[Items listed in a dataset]
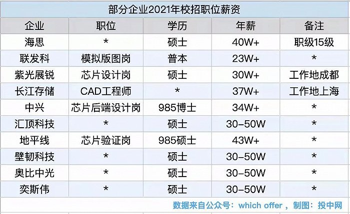 在2021年校招中,有应届毕业生透露称,不少同学拿到了三四份芯片设计公司的offer,工资普遍比去年提高了10-20%左右。
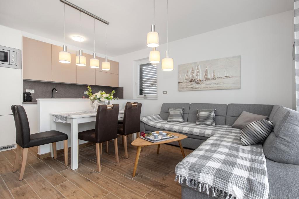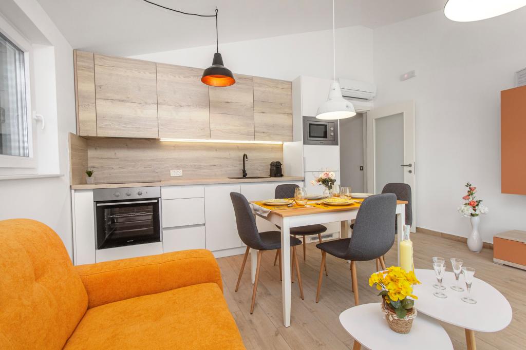 Objekt Tri oljke je novogradnja in svoja vrata gostom prvič odpira poleti 2024. Na dvorišču stavbe rastejo tri stare oljke, les, tako značilen za hrvaško obalo in otoke, iz katerih sadežev se pridobiva olje najboljše kakovosti, pogosto imenovano "tekoče zlato". Ime Tri oljke nakazuje okolje miru, tišine in obilja. Apartmaji v objektu so edinstveni, moderni in popolnoma funkcionalno opremljeni, da se boste počutili udobno, kot v svojem domu! Objekt je odlično pozicioniran; nahaja se 150m od morja in 200m od centra mesta. V neposredni bližini ni večjih cest ali poslovnih objektov, zato je gostom zagotovljen mir podnevi in ponoči. Skratka, vse je pripravljeno za vaš popoln dopust.
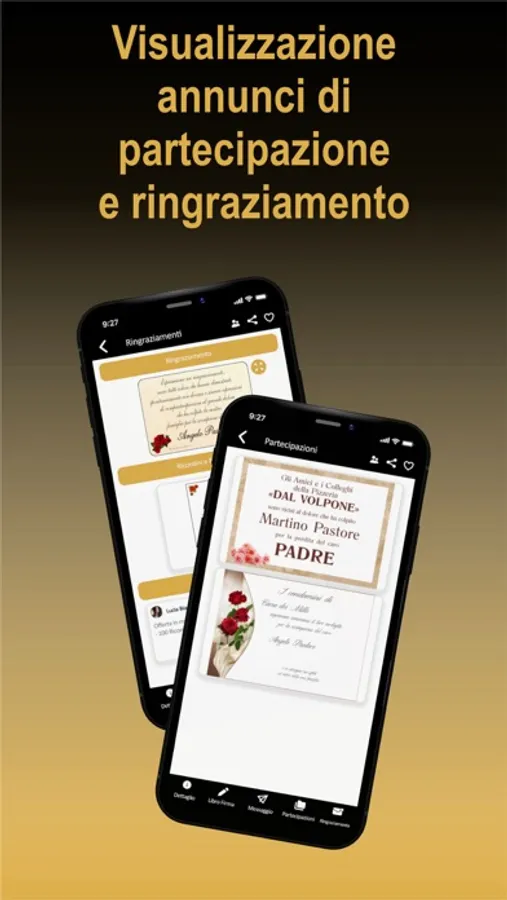 La nostra app è affidabile e seria, vi accompagna virtualmente nel momento del cordoglio, proponendovi una vasta gamma di servizi tra i quali anche una sezione dedicata dove è possibile prendere visione di tutti i nostri partners e mettervi in contatto con loro direttamente dal tuo smartphone e tablet!
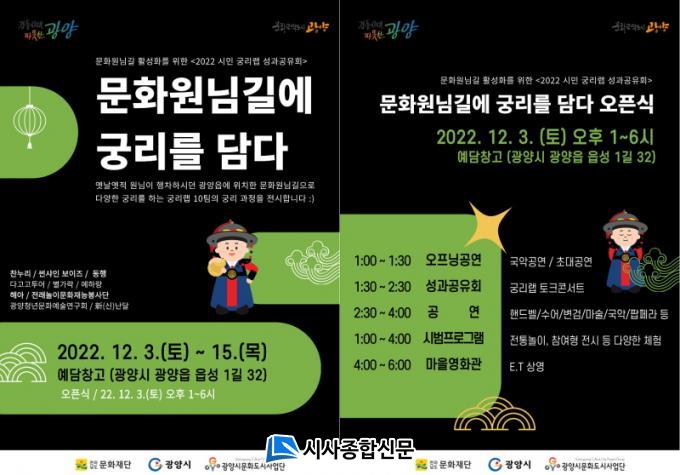 ±¤¾ç½Ã¹®Èµµ½Ã»ç¾÷´ÜÀº Áö³ 8¿ù ½Ã¹Î°ú ¿¹¼ú°¡¡¤±âȹÀÚ·Î ±¸¼ºµÈ ¿öÅ·±×·ì 10ÆÀÀ» ¸ðÁýÇϰí, ±Ã¸®¾÷ ¾ÆÄ«µ¥¹Ì¸¦ ÁøÇàÇÏ¸ç »ç¾÷¿¡ ´ëÇÑ ÀÌÇØ¿Í ¹®ÈÀû Àå¼Ò Àç»ý, ¹®È¿¹¼ú±âȹ µî ¿ø´Ô±æ Ȱ¼ºÈ¿¡ ´ëÇØ ÇÔ²² °í¹ÎÇß´Ù.
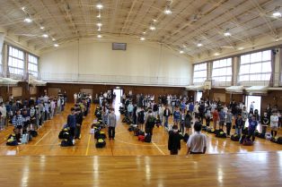 | 避難訓練 新教室からの避難経路を覚え、落ち着いて行動できるように訓練を行いました。安全に避難できたと振り返る児童が多くいました。 |
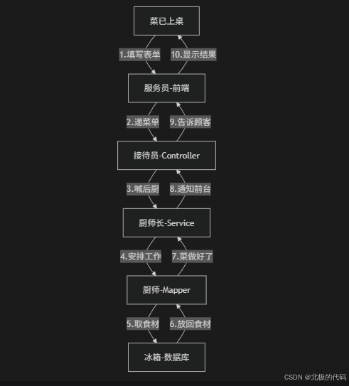 | 厨师具体炒菜 | Mapper层(数据操作) |

[Required work]:
"Objekt Tri oljke" marks the first line to copy, and "La nostra app" marks the last. Repeat that stretch above exactly, with no pictures.

[Result of this exercise]:
 Objekt Tri oljke je novogradnja in svoja vrata gostom prvič odpira poleti 2024. Na dvorišču stavbe rastejo tri stare oljke, les, tako značilen za hrvaško obalo in otoke, iz katerih sadežev se pridobiva olje najboljše kakovosti, pogosto imenovano "tekoče zlato". Ime Tri oljke nakazuje okolje miru, tišine in obilja. Apartmaji v objektu so edinstveni, moderni in popolnoma funkcionalno opremljeni, da se boste počutili udobno, kot v svojem domu! Objekt je odlično pozicioniran; nahaja se 150m od morja in 200m od centra mesta. V neposredni bližini ni večjih cest ali poslovnih objektov, zato je gostom zagotovljen mir podnevi in ponoči. Skratka, vse je pripravljeno za vaš popoln dopust.
 La nostra app è affidabile e seria, vi accompagna virtualmente nel momento del cordoglio, proponendovi una vasta gamma di servizi tra i quali anche una sezione dedicata dove è possibile prendere visione di tutti i nostri partners e mettervi in contatto con loro direttamente dal tuo smartphone e tablet!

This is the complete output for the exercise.